▶ To do
Using the entries that follow, transcribe only the lines from the line with "Ну вот, теперь" to the line with "鼓月 選べるデザインプレミアム千寿せんべい (b.コウノトリ)18枚入", both included, exactly as they stand and without pictures.

BEGIN Dataset extract

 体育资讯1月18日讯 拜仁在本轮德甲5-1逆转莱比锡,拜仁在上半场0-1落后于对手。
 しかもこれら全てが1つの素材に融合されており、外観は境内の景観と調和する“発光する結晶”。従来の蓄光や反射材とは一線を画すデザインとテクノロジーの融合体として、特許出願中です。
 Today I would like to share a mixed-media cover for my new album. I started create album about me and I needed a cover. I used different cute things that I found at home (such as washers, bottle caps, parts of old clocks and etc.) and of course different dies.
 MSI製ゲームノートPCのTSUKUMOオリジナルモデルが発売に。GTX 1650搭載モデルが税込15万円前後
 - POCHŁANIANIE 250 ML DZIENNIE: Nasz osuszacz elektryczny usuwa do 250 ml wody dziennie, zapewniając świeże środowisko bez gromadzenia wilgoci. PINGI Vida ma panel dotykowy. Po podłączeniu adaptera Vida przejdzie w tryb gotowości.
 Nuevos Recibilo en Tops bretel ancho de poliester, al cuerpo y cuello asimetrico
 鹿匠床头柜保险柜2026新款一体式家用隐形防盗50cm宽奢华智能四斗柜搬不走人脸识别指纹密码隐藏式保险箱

END Dataset extract
BEGIN Dataset extract

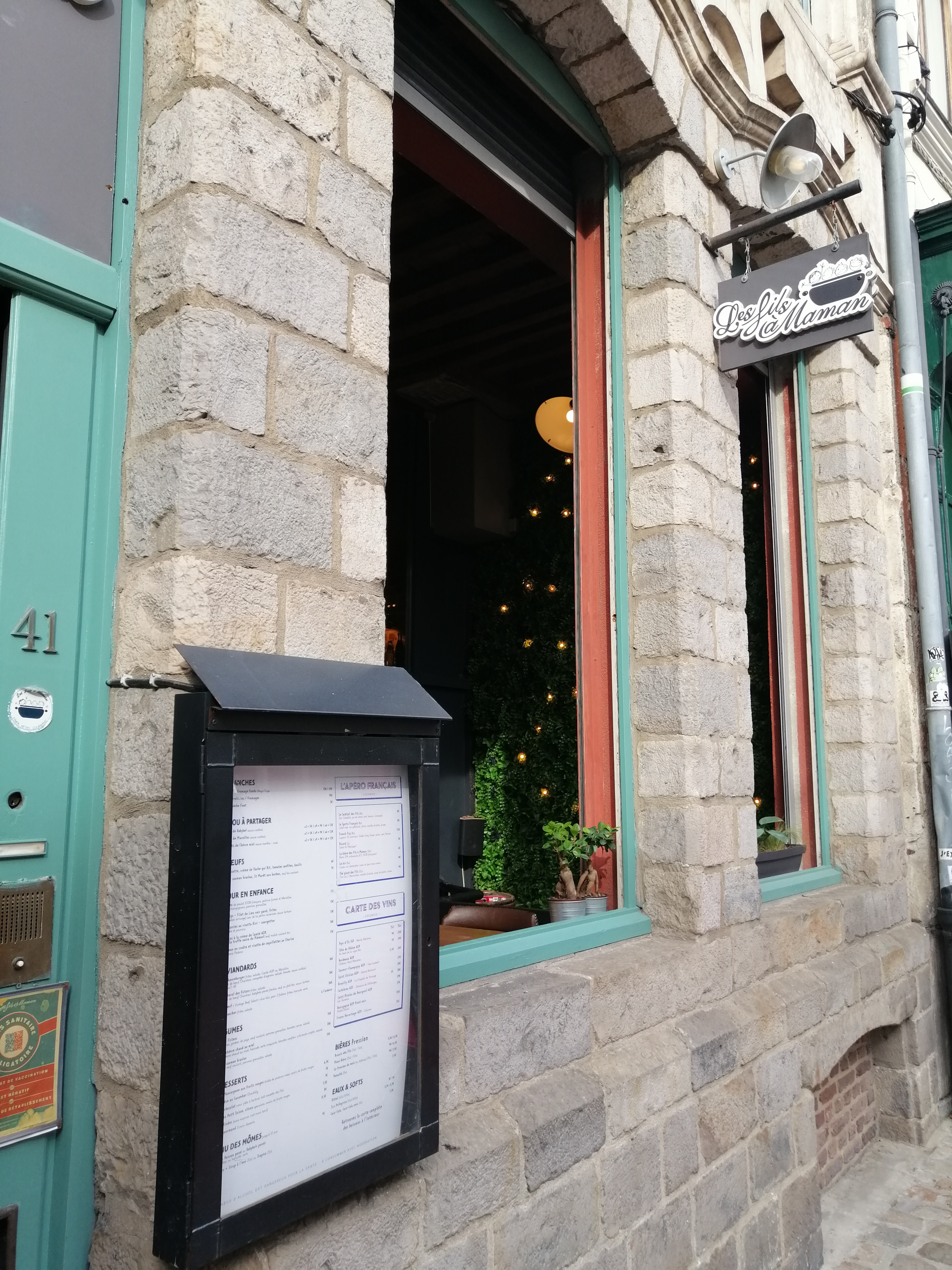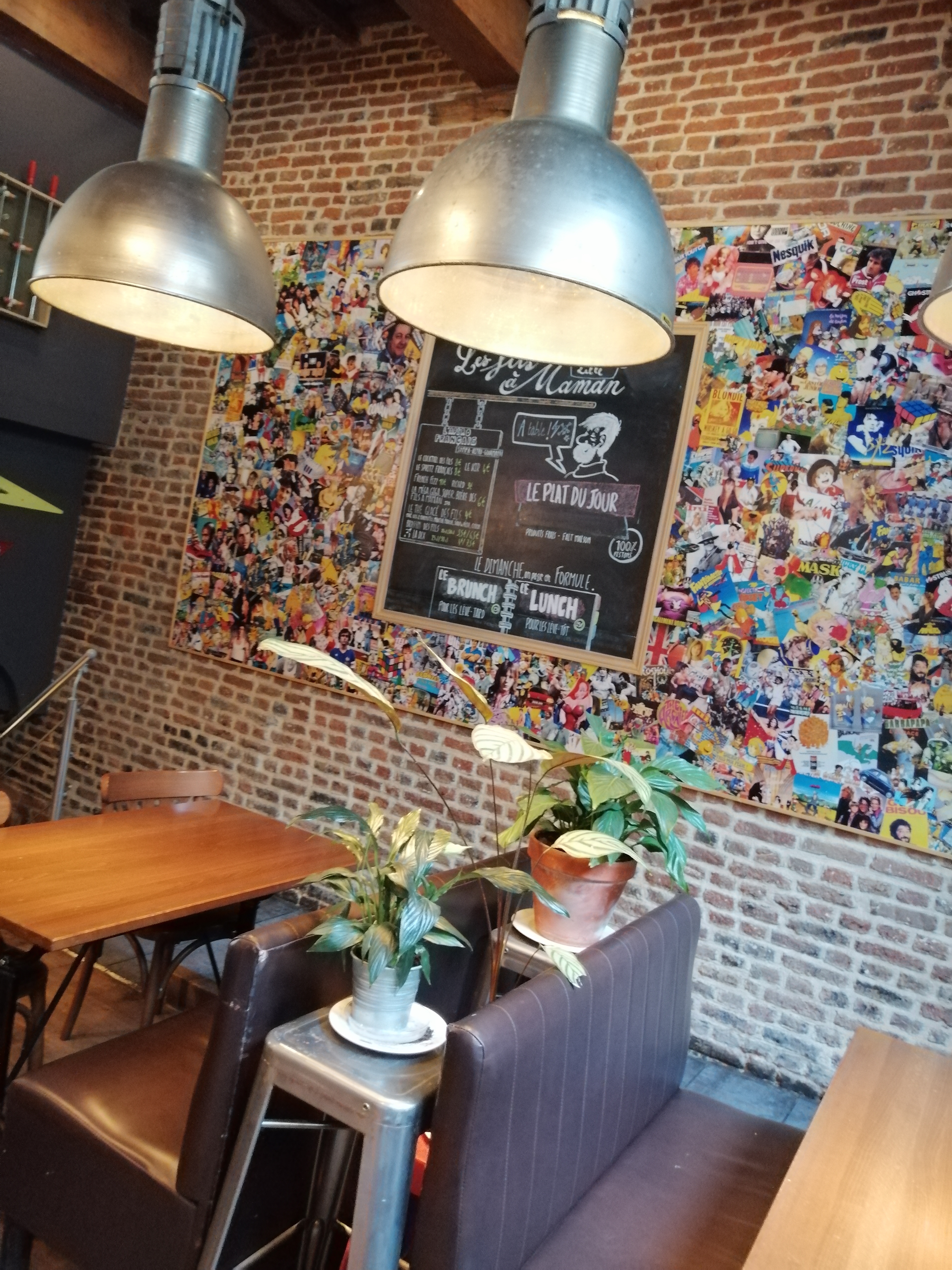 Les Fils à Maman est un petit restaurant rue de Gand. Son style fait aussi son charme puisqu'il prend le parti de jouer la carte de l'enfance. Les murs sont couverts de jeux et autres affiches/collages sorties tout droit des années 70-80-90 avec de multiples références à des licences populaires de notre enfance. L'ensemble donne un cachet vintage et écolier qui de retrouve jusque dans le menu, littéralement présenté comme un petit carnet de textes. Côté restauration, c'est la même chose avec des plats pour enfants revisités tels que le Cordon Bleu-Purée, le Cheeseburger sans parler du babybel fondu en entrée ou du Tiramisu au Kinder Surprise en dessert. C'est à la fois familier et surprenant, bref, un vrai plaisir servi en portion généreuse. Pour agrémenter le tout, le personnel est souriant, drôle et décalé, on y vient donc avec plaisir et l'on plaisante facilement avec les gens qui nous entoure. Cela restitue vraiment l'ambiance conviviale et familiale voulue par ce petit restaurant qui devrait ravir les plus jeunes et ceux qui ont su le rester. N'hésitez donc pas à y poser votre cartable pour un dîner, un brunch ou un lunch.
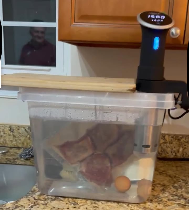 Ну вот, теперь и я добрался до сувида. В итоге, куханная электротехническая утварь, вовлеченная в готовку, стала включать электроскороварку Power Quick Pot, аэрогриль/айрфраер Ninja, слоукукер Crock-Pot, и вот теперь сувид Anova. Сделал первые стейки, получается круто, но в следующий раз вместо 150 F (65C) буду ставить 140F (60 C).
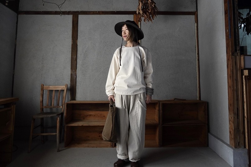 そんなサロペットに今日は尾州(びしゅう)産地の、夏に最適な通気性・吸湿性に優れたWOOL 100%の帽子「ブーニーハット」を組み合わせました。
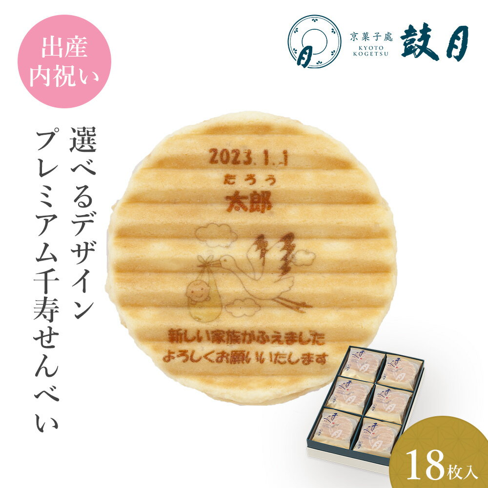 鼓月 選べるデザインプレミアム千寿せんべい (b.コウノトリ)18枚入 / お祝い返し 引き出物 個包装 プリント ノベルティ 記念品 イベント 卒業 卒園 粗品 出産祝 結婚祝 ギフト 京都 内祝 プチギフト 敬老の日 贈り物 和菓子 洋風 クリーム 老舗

END Dataset extract

▶ Output of the task
 Ну вот, теперь и я добрался до сувида. В итоге, куханная электротехническая утварь, вовлеченная в готовку, стала включать электроскороварку Power Quick Pot, аэрогриль/айрфраер Ninja, слоукукер Crock-Pot, и вот теперь сувид Anova. Сделал первые стейки, получается круто, но в следующий раз вместо 150 F (65C) буду ставить 140F (60 C).
 そんなサロペットに今日は尾州(びしゅう)産地の、夏に最適な通気性・吸湿性に優れたWOOL 100%の帽子「ブーニーハット」を組み合わせました。
 鼓月 選べるデザインプレミアム千寿せんべい (b.コウノトリ)18枚入 / お祝い返し 引き出物 個包装 プリント ノベルティ 記念品 イベント 卒業 卒園 粗品 出産祝 結婚祝 ギフト 京都 内祝 プチギフト 敬老の日 贈り物 和菓子 洋風 クリーム 老舗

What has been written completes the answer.